Task statement> Reproduce the data below in full and exclude every picture.

──────── Dataset excerpt ────────

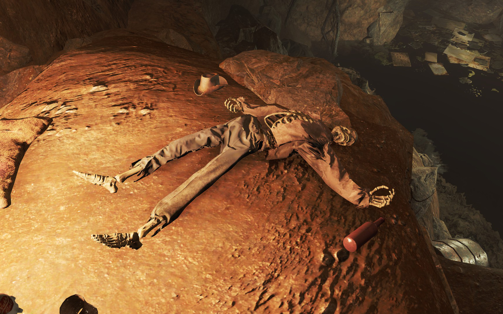 Brent Savoldi was a Minuteman before his death.[1] He and his squad fought against raiders near Malden, but they were all killed.[1] His skeleton can be found in the cave leading off of the Old Gullet sinkhole, next to a lantern and his hat. The hat can only be found while the quest Fallen Hero is active.
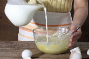 3. Następnie powoli wlej mleko i olej. Dokładnie mieszaj przez kilka minut. Konsystencja ciasta powinna być gęsta.
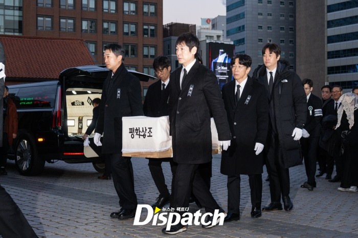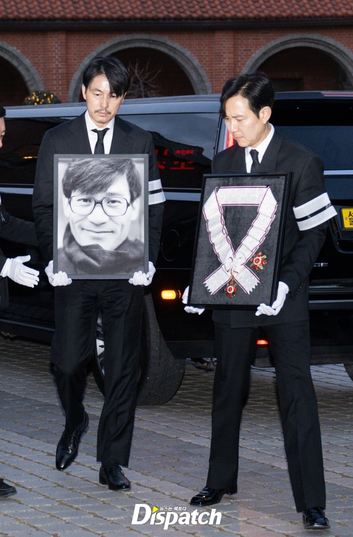 영정은 정우성이, 고인의 금관문화훈장은 이정재가 맡았다. 운구는 설경구, 유지태, 박철민, 박해일, 조우진, 주지훈 등 후배들이 담당했다.

────────

Exercise answer>
 Brent Savoldi was a Minuteman before his death.[1] He and his squad fought against raiders near Malden, but they were all killed.[1] His skeleton can be found in the cave leading off of the Old Gullet sinkhole, next to a lantern and his hat. The hat can only be found while the quest Fallen Hero is active.
 3. Następnie powoli wlej mleko i olej. Dokładnie mieszaj przez kilka minut. Konsystencja ciasta powinna być gęsta.
 영정은 정우성이, 고인의 금관문화훈장은 이정재가 맡았다. 운구는 설경구, 유지태, 박철민, 박해일, 조우진, 주지훈 등 후배들이 담당했다.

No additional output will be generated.